**** Dataset records

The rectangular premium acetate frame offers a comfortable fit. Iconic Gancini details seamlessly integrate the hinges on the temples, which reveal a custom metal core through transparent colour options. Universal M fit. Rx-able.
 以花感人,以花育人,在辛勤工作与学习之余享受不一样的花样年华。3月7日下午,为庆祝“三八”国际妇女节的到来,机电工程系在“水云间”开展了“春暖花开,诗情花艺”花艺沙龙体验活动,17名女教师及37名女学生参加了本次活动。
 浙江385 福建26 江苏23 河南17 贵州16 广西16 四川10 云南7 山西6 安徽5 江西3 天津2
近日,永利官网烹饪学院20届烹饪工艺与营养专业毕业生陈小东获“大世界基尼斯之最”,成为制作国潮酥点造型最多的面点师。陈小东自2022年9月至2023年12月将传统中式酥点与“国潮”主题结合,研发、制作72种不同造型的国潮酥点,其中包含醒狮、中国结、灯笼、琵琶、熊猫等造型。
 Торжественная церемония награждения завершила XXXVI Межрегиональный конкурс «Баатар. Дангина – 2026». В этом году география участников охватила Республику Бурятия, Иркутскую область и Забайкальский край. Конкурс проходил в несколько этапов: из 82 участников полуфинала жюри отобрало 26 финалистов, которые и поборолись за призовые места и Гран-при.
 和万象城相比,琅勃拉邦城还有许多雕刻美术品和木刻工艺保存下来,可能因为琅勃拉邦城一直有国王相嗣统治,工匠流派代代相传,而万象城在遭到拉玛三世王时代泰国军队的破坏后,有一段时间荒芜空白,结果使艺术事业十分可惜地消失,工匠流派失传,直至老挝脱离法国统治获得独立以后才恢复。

********
**** Dataset records

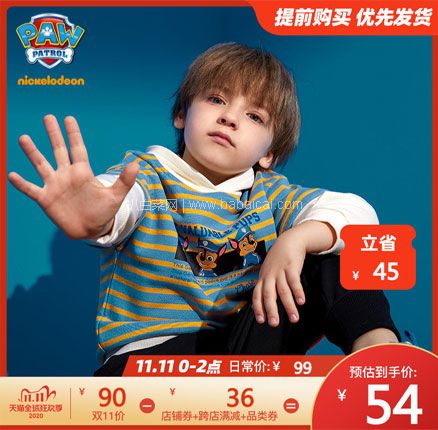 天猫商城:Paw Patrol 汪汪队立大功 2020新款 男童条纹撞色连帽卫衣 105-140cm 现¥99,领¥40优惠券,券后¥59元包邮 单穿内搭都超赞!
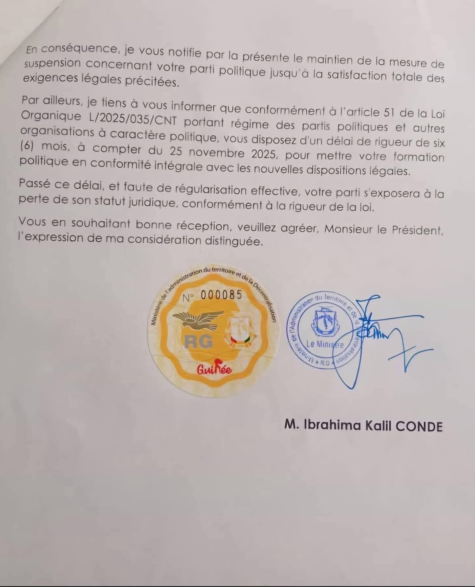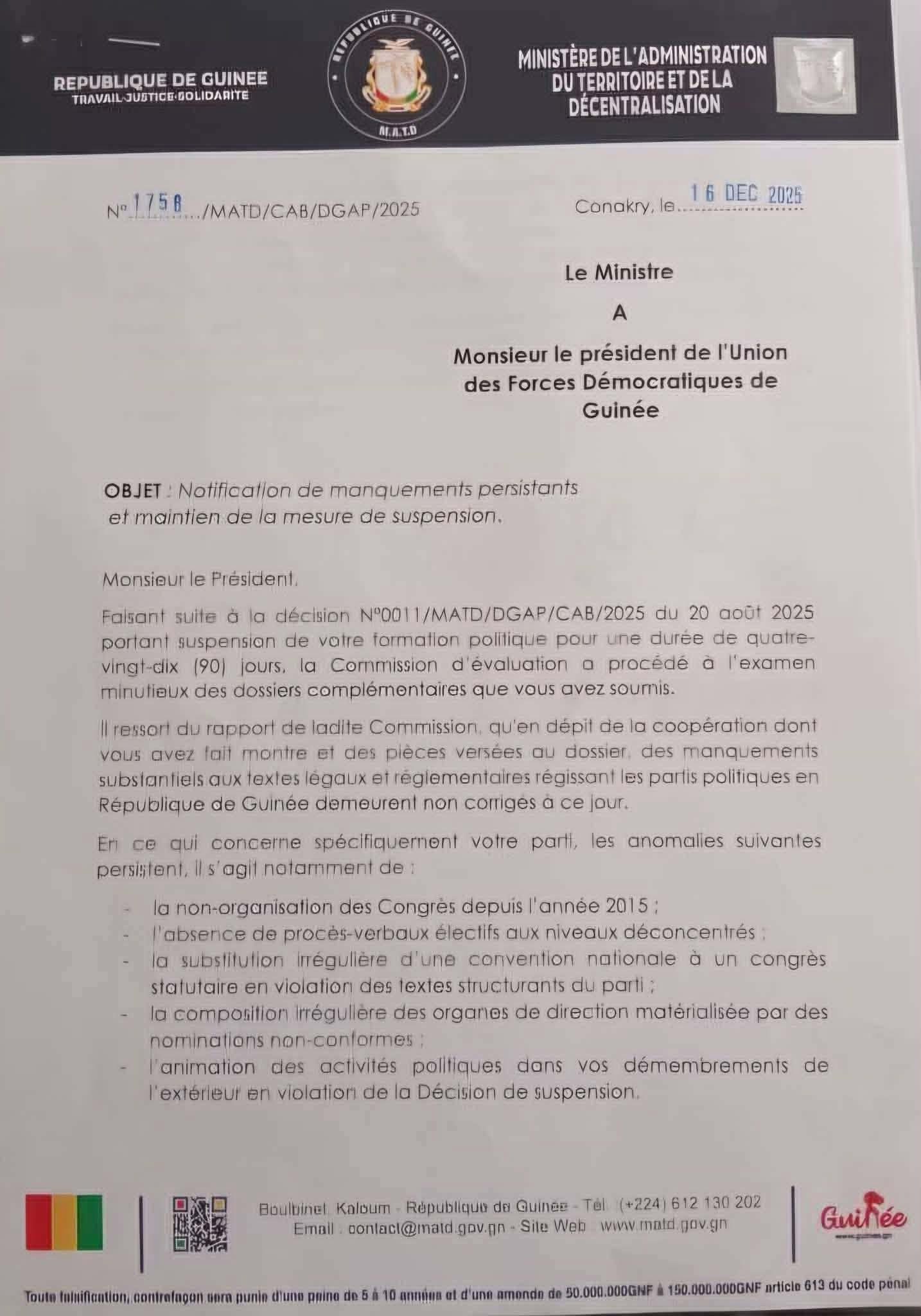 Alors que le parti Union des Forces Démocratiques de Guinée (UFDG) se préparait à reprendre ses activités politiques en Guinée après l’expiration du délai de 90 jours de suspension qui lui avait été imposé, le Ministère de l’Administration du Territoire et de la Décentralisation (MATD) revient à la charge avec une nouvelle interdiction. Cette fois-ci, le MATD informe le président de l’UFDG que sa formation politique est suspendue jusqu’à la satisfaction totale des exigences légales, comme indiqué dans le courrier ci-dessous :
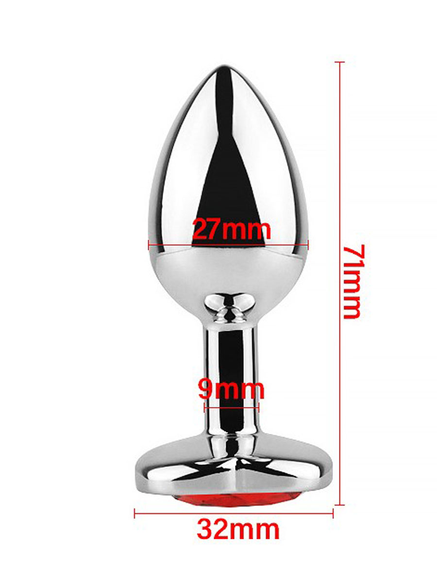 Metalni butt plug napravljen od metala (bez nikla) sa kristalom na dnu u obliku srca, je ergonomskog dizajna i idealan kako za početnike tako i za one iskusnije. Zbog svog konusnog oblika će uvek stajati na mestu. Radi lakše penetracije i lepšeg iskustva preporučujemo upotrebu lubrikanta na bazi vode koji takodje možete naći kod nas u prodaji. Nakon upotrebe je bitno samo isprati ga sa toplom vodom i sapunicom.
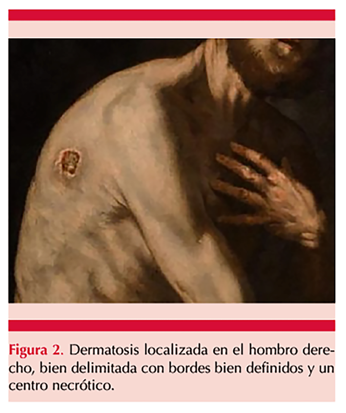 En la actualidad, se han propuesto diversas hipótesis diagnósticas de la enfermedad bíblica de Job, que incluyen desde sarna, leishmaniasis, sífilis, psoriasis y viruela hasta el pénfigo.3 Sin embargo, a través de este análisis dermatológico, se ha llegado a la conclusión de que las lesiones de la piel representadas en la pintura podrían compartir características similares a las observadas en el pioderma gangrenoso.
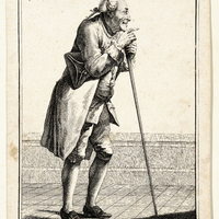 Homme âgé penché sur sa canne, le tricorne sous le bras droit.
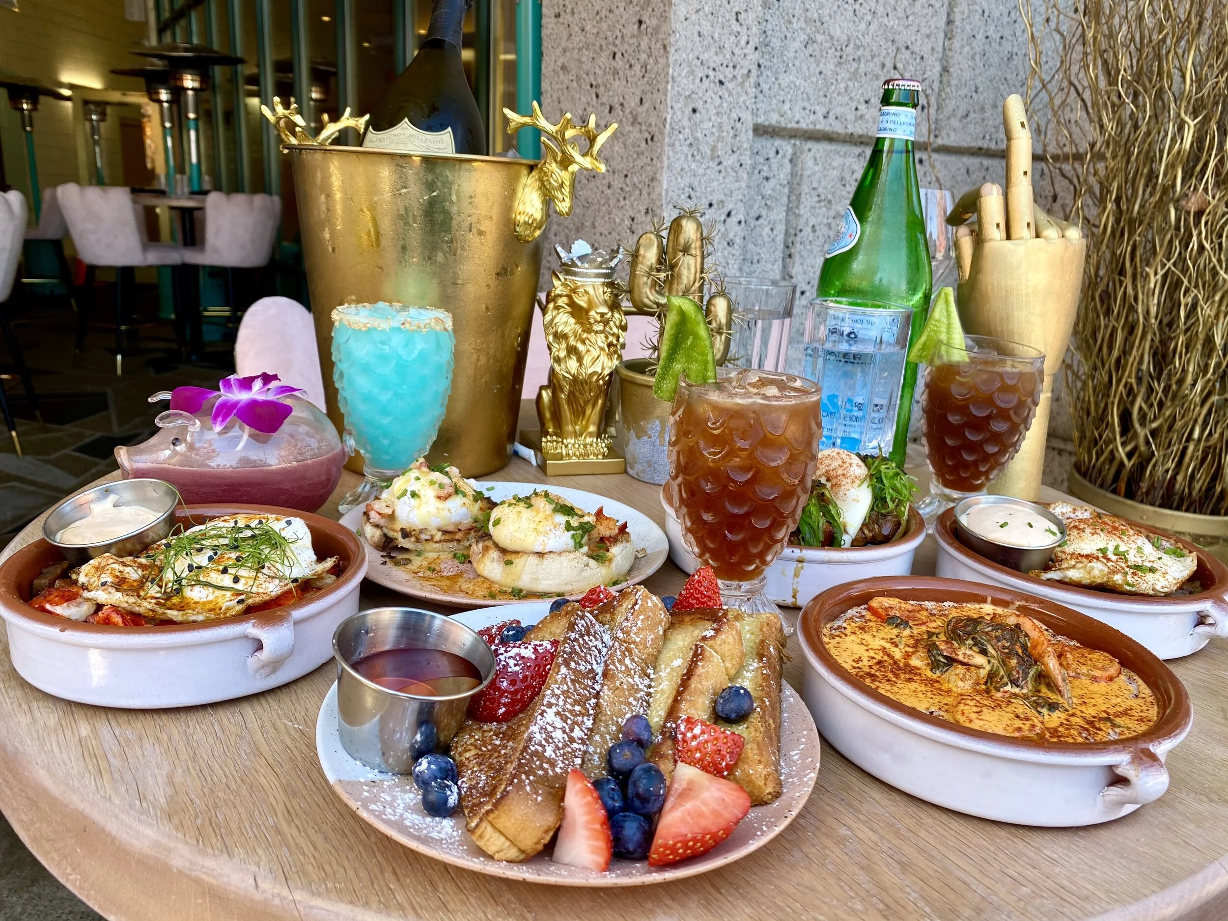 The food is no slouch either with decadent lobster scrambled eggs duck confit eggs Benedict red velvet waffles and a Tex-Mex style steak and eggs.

********

> [How to complete this task] Set the pictures aside and transcribe exactly the stretch of lines above, beginning with the one holding "Homme âgé penché" and ending with the one holding "The food is".

> [Your response]
 Homme âgé penché sur sa canne, le tricorne sous le bras droit.
 The food is no slouch either with decadent lobster scrambled eggs duck confit eggs Benedict red velvet waffles and a Tex-Mex style steak and eggs.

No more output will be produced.